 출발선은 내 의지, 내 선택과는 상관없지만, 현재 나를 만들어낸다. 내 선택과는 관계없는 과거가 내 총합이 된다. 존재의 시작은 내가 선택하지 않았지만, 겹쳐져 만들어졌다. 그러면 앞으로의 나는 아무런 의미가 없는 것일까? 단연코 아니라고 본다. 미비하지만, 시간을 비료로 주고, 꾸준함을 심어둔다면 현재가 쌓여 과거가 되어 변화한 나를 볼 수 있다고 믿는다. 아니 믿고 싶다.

---

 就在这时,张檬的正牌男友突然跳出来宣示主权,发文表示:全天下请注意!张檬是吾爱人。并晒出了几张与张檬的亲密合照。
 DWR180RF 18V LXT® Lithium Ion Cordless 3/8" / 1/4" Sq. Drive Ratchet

...

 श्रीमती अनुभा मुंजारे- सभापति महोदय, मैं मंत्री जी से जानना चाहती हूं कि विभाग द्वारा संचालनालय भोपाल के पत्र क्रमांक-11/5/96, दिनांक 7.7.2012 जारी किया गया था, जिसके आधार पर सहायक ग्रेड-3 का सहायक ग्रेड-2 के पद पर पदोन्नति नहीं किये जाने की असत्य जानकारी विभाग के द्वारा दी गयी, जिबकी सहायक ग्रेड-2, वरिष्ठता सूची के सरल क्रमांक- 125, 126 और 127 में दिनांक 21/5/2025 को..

| TASK TO COMPLETE |
In the material above, find the line containing "就在这时,张檬的正牌男友突然" and the line containing "DWR180RF 18V LXT®", then write out exactly those two lines and every line between them, and nothing more.

| ANSWER SPACE |
 就在这时,张檬的正牌男友突然跳出来宣示主权,发文表示:全天下请注意!张檬是吾爱人。并晒出了几张与张檬的亲密合照。
 DWR180RF 18V LXT® Lithium Ion Cordless 3/8" / 1/4" Sq. Drive Ratchet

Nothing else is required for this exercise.